CS 785: Multiagent Systems: Games, Algorithms, Evolution

Prerequisites

PG standing or CS365, CS345

Course Contents:

We will explore decision making behaviour in communities of agents and in particular how information is used, produced and transmitted in such situations. We will study game theoretic and evolutionary approaches (with an algorithmic emphasis) to model such behaviour and try to understand what implications the results have for problems in biology and in human and non-human communities. (The course will not be concerned with distributed AI or cooperative problem solving by software agents.)

Topics:

  1. Biological and human communities - structure and properties.
  2. Competition, cooperation, evolution.
  3. What is a game? Non evolutionary and evolutionary games. Numerous examples from biology, economics, decision theory, social choice etc.
  4. Payoffs, strategies - pure, mixed, behavioural.

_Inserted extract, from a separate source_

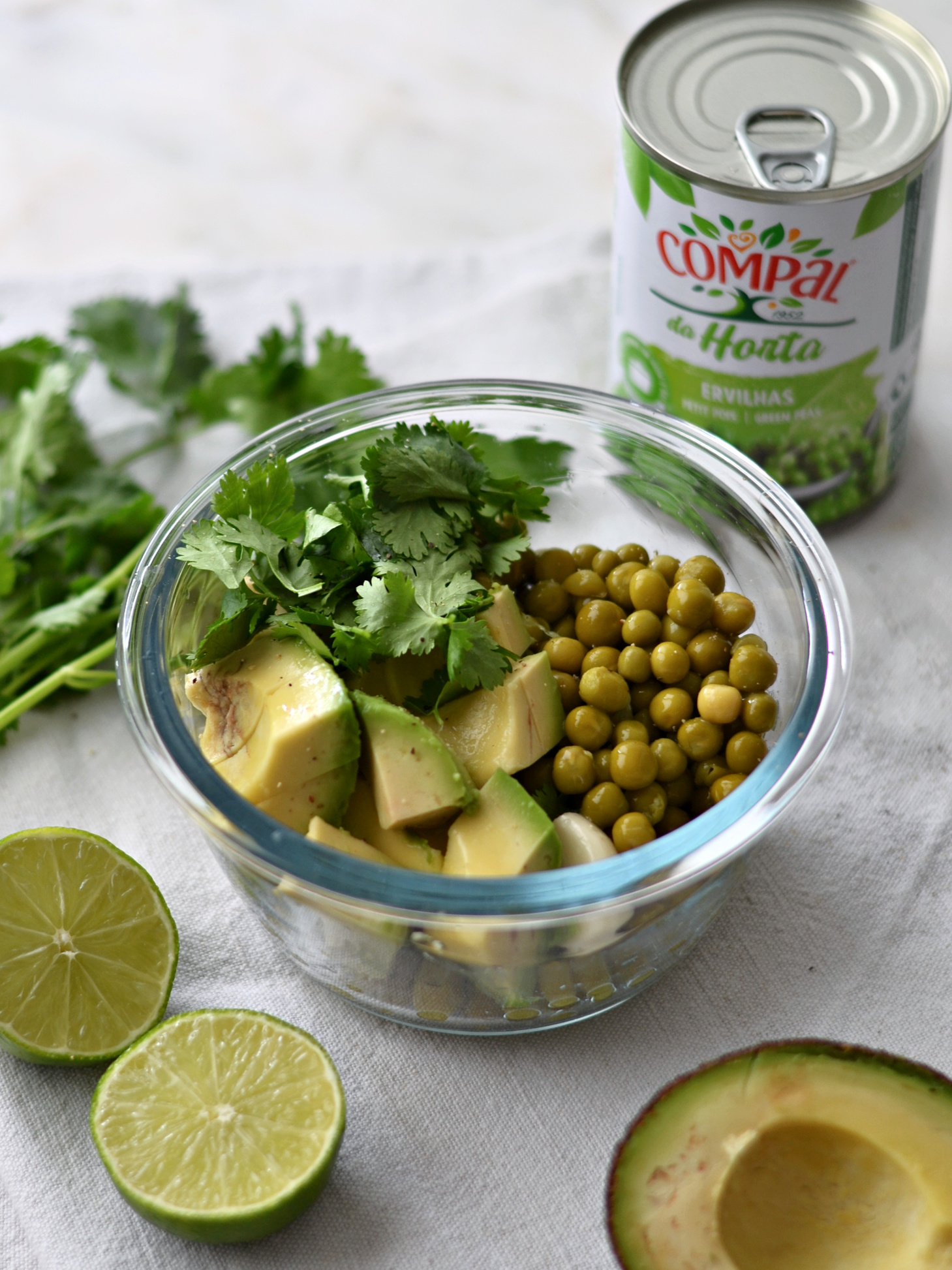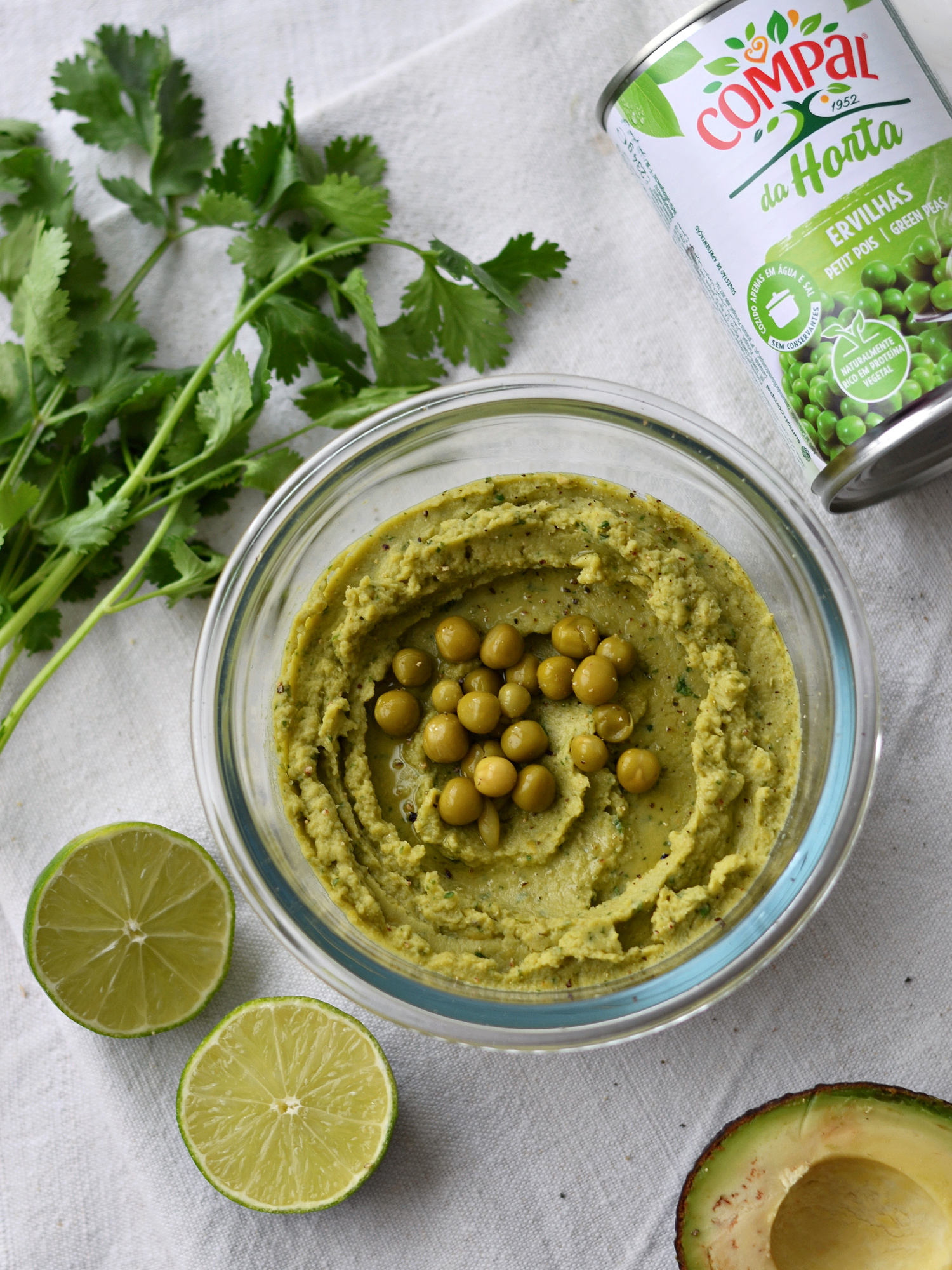 • Reservar algumas ervilhas para o empratamento. Triturar no processador de alimentos as ervilhas, e juntar o abacate, o sumo de lima, o alho, os coentros, e a pimenta preta. Adicionar, conforme necessário, 1 a 2 colheres de sopa de água, até que seja atingida uma consistência cremosa.
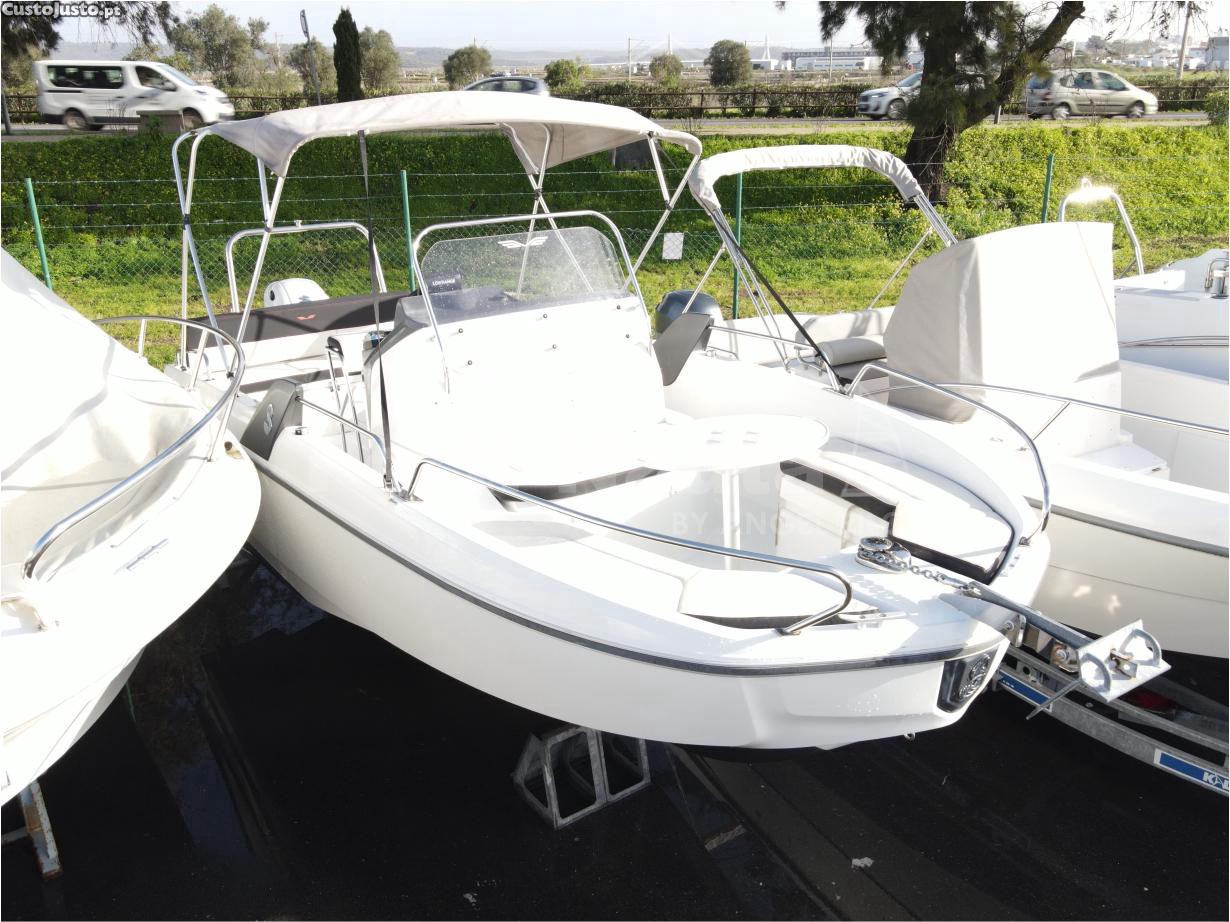 Com lotação para 8 pessoas (sim, 8 oficialmente, nada de cabem mais dois à confiança ), categoria CE C8/D10, calado de 0,8 m e uma altura de 1,8 m, é perfeito para navegar na costa do Algarve, explorar grutas, fazer ancoragens tranquilas ou simplesmente desfrutar de um dia de sol como deve ser. É o típico barco open que transforma um domingo banal num dia digno de fotografia aérea.

Stability and equilibrium.
  5. Information production, transmission and use in games. Rationality, common knowledge.
  6. Competition, non-cooperation and the corresponding games.
  7. Cooperation and related games.
  8. Dynamic models and evolutionary games.
  9. Fairness, trust, reputation in decision making and games.
  10. Public goods, the commons and related problems.
  11. Brief introduction to mechanism design.

Books and References:

  1. Yoav Shoham, Kevin Leyton-Brown, Multiagent Systems: Algorithmic, Game Theoretic and Logical Foundations, Cambridge University Press, 2009.
  2. Hans Peters, Game Theory: A Multi-leveled Approach, Springer, 2008.
  3. Noam Nisan, Tim Roughgarden, Vijay Vazirani, Algorithmic Game Theory, Cambridge University Press, 2007.
  4. Martin Nowak, Evolutionary Dynamics: Exploring the Equations of Life, Belnap Press, 2006.
  5. Karl Sigmund, The Calculus of Selfishness, Princeton University Press, 2010.
  6. Research papers.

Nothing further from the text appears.